Tainosia Temporal range: Burdigalian PreꞒ Ꞓ O S D C P T J K Pg N ↓

Scientific classification
- Kingdom: Animalia
- Phylum: Arthropoda
- Class: Insecta
- Order: Hemiptera
- Suborder: Auchenorrhyncha
- Infraorder: Fulgoromorpha
- Family: Nogodinidae
- Subfamily: Nogodininae
- Tribe: Nogodinini
- Genus: †Tainosia Szwedo & Stroiński, 2001
- Species: †T. quisqueyae
- Binomial name: †Tainosia quisqueyae Szwedo & Stroiński, 2001

= Tainosia =

- Authority: Szwedo & Stroiński, 2001
- Parent authority: Szwedo & Stroiński, 2001

Extinct genus of true bugs

Tainosia is an extinct monotypic genus of planthopper in the Nogodinidae subfamily Nogodininae and at present, it contains the single species Tainosia quisqueyae. The genus is solely known from the early Miocene, Burdigalian stage, Dominican amber deposits on the island of Hispaniola.
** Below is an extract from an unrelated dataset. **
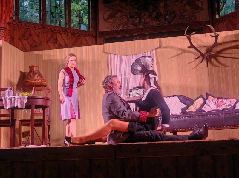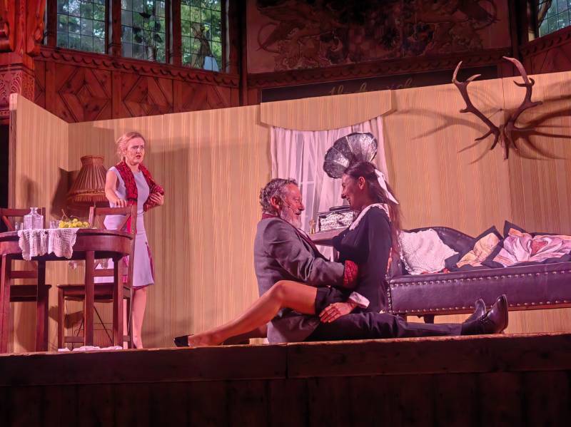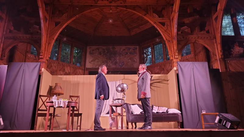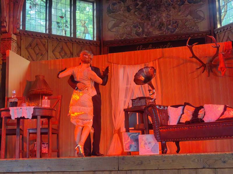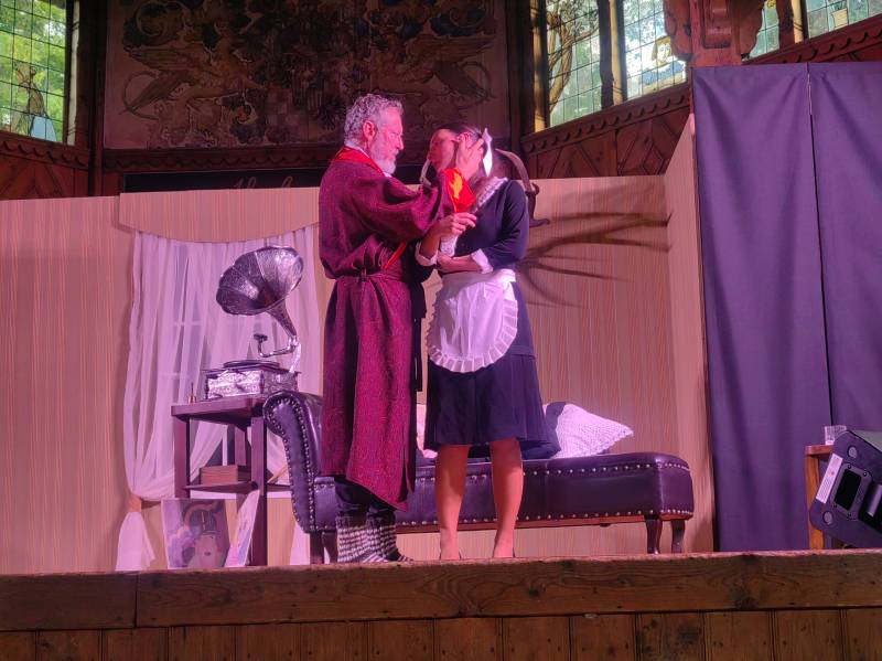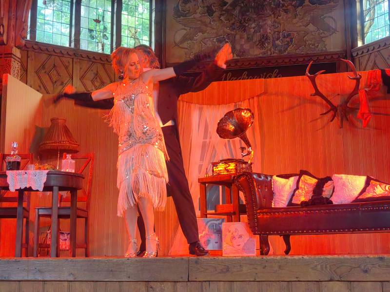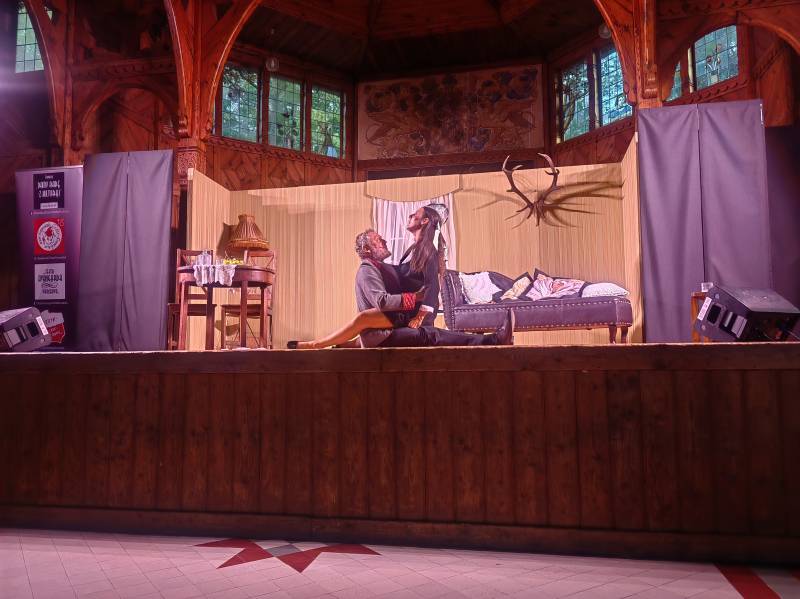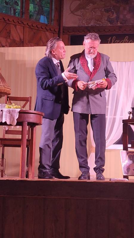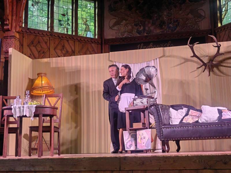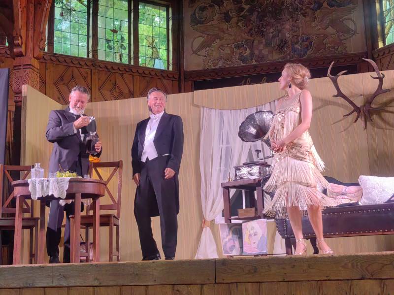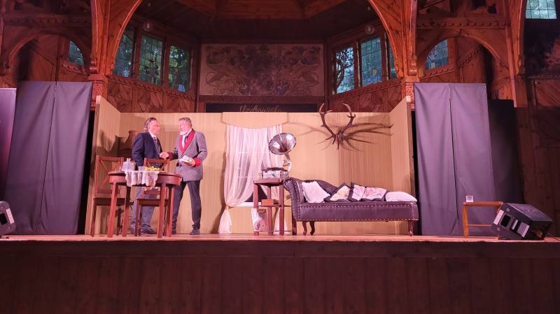 Znakomita obsada w składzie: Natalia Pietrasz, Aneta Gierat, Maciej Luśnia i Jan Korwin-Kochanowski, przeniosła nas do lat 20. ubiegłego stulecia i zawiłych romansów… Wszak napisany przez zaledwie dwudziestokilkuletniego Aleksandra Fredrę tekst sztuki w trzech aktach wierszem – o niewiernej Elwirze, o jej szukającym miłosnych uniesień mężu Wacławie, o kochanku Alfredzie oraz o całą te trójkę wodzącej za nos pokojówki Justysi – spotkał się z ogromnym zainteresowaniem zgromadzonej publiczności, a owacji na stojąco nie było końca. Głównymi atutami wystawionej sztuki „Mąż i Żona” byli znakomici aktorzy z Krakowa oraz przedni humor przenikający kunsztowne poetyckie frazy. Kto nie był z nami, niech żałuje…

==History and classification==
Tainosia quisqueyae is known only from one fossil, the holotype, number "BMNH Pal. PI II 62". It is a single individual of indeterminate sex preserved in a clear orange amber specimen. The specimen is mostly complete, though the right tegmen torn, and the hind legs are partly destroyed. The insect was entombed while in resting posture, with both the hemelytra and hindwings mostly closed. The amber is currently residing in the Department of Palaeontology paleoentomology collections of the Natural History Museum in London, England. T. quisqueyae was first studied by Jacek Szwedo and Adam Stroiński, with their 2001 type description being published in the journal Genus. The generic name "Tainosia" was coined by Jacek Szwedo and Adam Stroiński in reference to the Tainos people who were native to Hispaniola and other islands of the Greater Antilles. The specific epithet "quisqueyae" was designated in honor of one of the original names for Hispaniola, "Quisqueya". As with the extinct Tonocatecutlius gibsoni, T. quisqueyae is placed in the Nogodininae tribe Nogodinini. All other extinct members of the family Nogodinidae currently described from the Americas are restricted to the subfamily Nogodininae.

==Description==
Tainosia quisqueyae is 14.4 mm in length and has a wing length of 8.73 mm. Though similar to the related genus Tonocatecutlius known from Mexican amber, there are several notable differences between the genera. Tonocatecutlius has a mesonotum which is smooth and uninterrupted, while Tainosia has a mesonotum that bears anterolateral carinae. The forewing of Tainosia has a costal cell and clavus without transverse veinlets, while Tonocatecutlius has a costal cell and clavus crossed by veinlets. Similar to Tonocatecutlius is the network of veins crossing the upper half of the tegmen. The tegmen is semi-hyaline with faint but distinct color patterning present, the hindwing is hyaline and without any patterning.